Every record that follows must be duplicated exactly, with images left out.

Dataset records:
=====
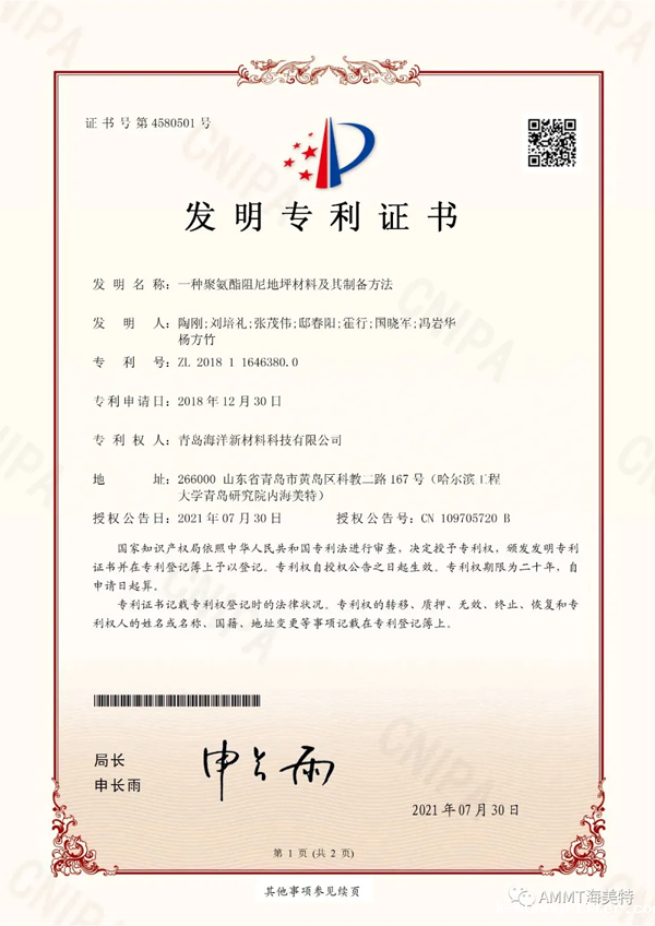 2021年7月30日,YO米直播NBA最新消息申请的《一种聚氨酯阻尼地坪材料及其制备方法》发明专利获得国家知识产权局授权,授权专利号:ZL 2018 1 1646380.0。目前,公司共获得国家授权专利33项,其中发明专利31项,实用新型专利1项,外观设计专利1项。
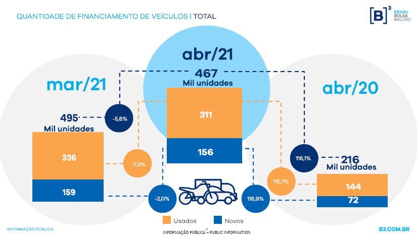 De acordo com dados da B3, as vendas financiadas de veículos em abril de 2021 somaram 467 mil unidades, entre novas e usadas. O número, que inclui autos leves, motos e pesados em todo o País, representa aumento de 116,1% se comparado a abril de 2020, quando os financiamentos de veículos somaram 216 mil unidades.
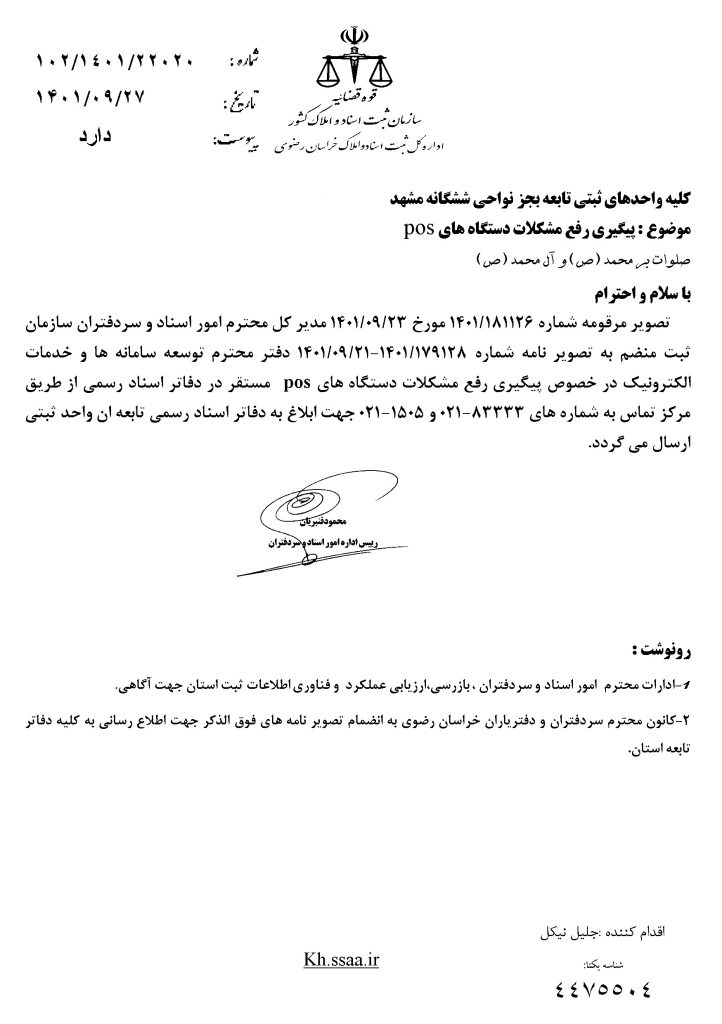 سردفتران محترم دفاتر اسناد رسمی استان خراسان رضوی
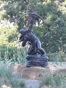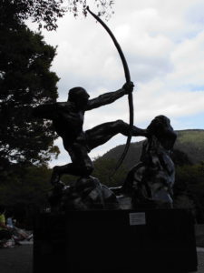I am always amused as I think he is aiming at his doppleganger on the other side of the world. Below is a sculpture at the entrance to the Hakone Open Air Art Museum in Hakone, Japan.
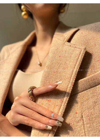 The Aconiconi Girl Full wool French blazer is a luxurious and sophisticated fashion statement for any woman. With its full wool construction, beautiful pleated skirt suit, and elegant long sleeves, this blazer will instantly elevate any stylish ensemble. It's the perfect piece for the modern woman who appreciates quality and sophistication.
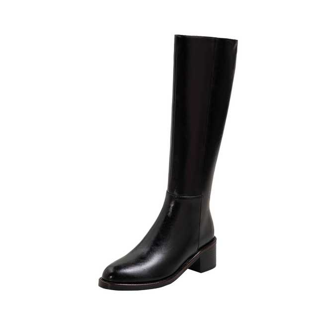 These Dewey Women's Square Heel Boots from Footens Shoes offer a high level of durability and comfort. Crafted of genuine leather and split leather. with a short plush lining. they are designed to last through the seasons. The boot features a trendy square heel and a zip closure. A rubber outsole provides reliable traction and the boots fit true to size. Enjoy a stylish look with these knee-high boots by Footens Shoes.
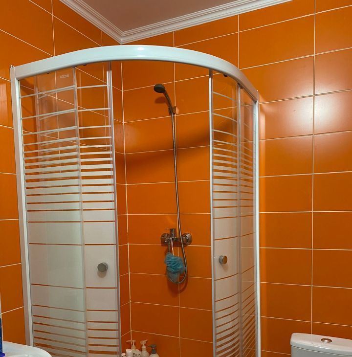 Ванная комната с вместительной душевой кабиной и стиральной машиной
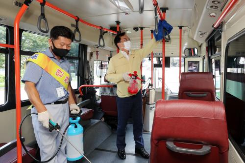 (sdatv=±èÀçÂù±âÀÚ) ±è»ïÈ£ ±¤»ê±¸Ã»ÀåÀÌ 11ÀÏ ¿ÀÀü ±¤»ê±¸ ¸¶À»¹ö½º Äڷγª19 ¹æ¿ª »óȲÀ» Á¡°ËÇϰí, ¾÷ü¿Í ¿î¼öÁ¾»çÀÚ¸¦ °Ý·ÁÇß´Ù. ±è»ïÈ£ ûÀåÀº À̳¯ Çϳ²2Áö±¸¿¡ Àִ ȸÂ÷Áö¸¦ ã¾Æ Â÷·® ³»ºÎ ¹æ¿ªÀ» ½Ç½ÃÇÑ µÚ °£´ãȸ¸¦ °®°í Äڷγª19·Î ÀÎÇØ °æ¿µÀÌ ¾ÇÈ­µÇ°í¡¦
=====
Finished task:
 2021年7月30日,YO米直播NBA最新消息申请的《一种聚氨酯阻尼地坪材料及其制备方法》发明专利获得国家知识产权局授权,授权专利号:ZL 2018 1 1646380.0。目前,公司共获得国家授权专利33项,其中发明专利31项,实用新型专利1项,外观设计专利1项。
 De acordo com dados da B3, as vendas financiadas de veículos em abril de 2021 somaram 467 mil unidades, entre novas e usadas. O número, que inclui autos leves, motos e pesados em todo o País, representa aumento de 116,1% se comparado a abril de 2020, quando os financiamentos de veículos somaram 216 mil unidades.
 سردفتران محترم دفاتر اسناد رسمی استان خراسان رضوی
I am always amused as I think he is aiming at his doppleganger on the other side of the world. Below is a sculpture at the entrance to the Hakone Open Air Art Museum in Hakone, Japan.
 The Aconiconi Girl Full wool French blazer is a luxurious and sophisticated fashion statement for any woman. With its full wool construction, beautiful pleated skirt suit, and elegant long sleeves, this blazer will instantly elevate any stylish ensemble. It's the perfect piece for the modern woman who appreciates quality and sophistication.
 These Dewey Women's Square Heel Boots from Footens Shoes offer a high level of durability and comfort. Crafted of genuine leather and split leather. with a short plush lining. they are designed to last through the seasons. The boot features a trendy square heel and a zip closure. A rubber outsole provides reliable traction and the boots fit true to size. Enjoy a stylish look with these knee-high boots by Footens Shoes.
 Ванная комната с вместительной душевой кабиной и стиральной машиной
 (sdatv=±èÀçÂù±âÀÚ) ±è»ïÈ£ ±¤»ê±¸Ã»ÀåÀÌ 11ÀÏ ¿ÀÀü ±¤»ê±¸ ¸¶À»¹ö½º Äڷγª19 ¹æ¿ª »óȲÀ» Á¡°ËÇϰí, ¾÷ü¿Í ¿î¼öÁ¾»çÀÚ¸¦ °Ý·ÁÇß´Ù. ±è»ïÈ£ ûÀåÀº À̳¯ Çϳ²2Áö±¸¿¡ Àִ ȸÂ÷Áö¸¦ ã¾Æ Â÷·® ³»ºÎ ¹æ¿ªÀ» ½Ç½ÃÇÑ µÚ °£´ãȸ¸¦ °®°í Äڷγª19·Î ÀÎÇØ °æ¿µÀÌ ¾ÇÈ­µÇ°í¡¦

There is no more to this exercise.